### What is expected
For the listing that follows, give again exactly the lines from the one with "Eddie Bauer cotton" to the one with "A Georgian classic", including both.

### Data for this task

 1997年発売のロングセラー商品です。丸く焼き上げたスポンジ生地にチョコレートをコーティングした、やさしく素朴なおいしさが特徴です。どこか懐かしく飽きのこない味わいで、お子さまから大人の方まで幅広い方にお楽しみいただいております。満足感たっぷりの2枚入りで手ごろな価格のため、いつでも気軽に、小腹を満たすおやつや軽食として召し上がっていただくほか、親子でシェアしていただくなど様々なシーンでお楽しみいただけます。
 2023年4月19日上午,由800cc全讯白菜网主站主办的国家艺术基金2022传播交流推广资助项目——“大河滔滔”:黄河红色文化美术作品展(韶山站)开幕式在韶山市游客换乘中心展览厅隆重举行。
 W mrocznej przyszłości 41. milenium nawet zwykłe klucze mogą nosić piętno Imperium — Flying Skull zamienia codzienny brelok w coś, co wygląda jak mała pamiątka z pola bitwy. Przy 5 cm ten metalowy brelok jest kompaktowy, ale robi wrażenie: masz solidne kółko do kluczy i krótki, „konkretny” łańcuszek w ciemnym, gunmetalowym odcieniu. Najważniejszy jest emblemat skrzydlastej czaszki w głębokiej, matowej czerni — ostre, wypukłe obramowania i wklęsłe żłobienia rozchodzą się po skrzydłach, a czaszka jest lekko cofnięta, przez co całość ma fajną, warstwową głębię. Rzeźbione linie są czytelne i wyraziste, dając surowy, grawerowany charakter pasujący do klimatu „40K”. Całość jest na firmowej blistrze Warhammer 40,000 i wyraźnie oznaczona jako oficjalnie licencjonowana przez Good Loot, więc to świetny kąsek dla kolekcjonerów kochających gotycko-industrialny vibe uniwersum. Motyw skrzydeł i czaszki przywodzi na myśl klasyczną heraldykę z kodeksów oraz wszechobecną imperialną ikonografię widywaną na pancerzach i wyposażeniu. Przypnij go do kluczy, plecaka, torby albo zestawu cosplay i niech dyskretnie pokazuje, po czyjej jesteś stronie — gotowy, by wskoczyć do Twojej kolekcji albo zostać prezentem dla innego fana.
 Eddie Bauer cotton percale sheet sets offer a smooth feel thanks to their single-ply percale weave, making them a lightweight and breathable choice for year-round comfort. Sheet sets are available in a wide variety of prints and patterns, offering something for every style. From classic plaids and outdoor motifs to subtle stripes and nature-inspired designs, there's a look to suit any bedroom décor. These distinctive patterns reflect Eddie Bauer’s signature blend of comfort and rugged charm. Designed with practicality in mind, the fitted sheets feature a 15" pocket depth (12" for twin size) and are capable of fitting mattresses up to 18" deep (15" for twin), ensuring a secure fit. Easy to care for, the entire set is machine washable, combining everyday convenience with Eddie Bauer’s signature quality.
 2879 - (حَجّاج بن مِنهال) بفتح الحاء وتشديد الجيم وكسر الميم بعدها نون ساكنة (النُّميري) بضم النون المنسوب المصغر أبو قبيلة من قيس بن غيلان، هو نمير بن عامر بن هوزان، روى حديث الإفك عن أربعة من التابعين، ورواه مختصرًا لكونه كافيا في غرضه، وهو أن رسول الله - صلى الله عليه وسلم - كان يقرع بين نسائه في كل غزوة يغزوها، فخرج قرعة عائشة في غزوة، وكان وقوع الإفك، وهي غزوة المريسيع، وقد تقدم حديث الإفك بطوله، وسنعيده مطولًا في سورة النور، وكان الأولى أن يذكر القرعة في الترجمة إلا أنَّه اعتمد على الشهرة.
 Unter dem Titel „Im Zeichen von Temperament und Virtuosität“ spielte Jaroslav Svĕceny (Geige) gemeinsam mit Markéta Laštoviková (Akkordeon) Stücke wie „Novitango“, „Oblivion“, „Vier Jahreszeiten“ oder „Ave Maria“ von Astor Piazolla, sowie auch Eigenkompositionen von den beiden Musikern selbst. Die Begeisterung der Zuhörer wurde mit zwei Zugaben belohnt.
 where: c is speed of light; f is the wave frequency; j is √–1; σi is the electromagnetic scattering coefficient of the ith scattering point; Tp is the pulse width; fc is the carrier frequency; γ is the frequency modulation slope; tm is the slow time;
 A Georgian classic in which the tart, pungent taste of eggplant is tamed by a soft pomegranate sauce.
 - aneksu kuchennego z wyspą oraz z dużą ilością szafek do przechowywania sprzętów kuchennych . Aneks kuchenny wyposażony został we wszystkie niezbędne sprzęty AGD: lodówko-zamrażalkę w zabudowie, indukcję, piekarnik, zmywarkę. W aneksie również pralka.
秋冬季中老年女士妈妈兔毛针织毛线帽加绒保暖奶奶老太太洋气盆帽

### Solution below
 Eddie Bauer cotton percale sheet sets offer a smooth feel thanks to their single-ply percale weave, making them a lightweight and breathable choice for year-round comfort. Sheet sets are available in a wide variety of prints and patterns, offering something for every style. From classic plaids and outdoor motifs to subtle stripes and nature-inspired designs, there's a look to suit any bedroom décor. These distinctive patterns reflect Eddie Bauer’s signature blend of comfort and rugged charm. Designed with practicality in mind, the fitted sheets feature a 15" pocket depth (12" for twin size) and are capable of fitting mattresses up to 18" deep (15" for twin), ensuring a secure fit. Easy to care for, the entire set is machine washable, combining everyday convenience with Eddie Bauer’s signature quality.
 2879 - (حَجّاج بن مِنهال) بفتح الحاء وتشديد الجيم وكسر الميم بعدها نون ساكنة (النُّميري) بضم النون المنسوب المصغر أبو قبيلة من قيس بن غيلان، هو نمير بن عامر بن هوزان، روى حديث الإفك عن أربعة من التابعين، ورواه مختصرًا لكونه كافيا في غرضه، وهو أن رسول الله - صلى الله عليه وسلم - كان يقرع بين نسائه في كل غزوة يغزوها، فخرج قرعة عائشة في غزوة، وكان وقوع الإفك، وهي غزوة المريسيع، وقد تقدم حديث الإفك بطوله، وسنعيده مطولًا في سورة النور، وكان الأولى أن يذكر القرعة في الترجمة إلا أنَّه اعتمد على الشهرة.
 Unter dem Titel „Im Zeichen von Temperament und Virtuosität“ spielte Jaroslav Svĕceny (Geige) gemeinsam mit Markéta Laštoviková (Akkordeon) Stücke wie „Novitango“, „Oblivion“, „Vier Jahreszeiten“ oder „Ave Maria“ von Astor Piazolla, sowie auch Eigenkompositionen von den beiden Musikern selbst. Die Begeisterung der Zuhörer wurde mit zwei Zugaben belohnt.
 where: c is speed of light; f is the wave frequency; j is √–1; σi is the electromagnetic scattering coefficient of the ith scattering point; Tp is the pulse width; fc is the carrier frequency; γ is the frequency modulation slope; tm is the slow time;
 A Georgian classic in which the tart, pungent taste of eggplant is tamed by a soft pomegranate sauce.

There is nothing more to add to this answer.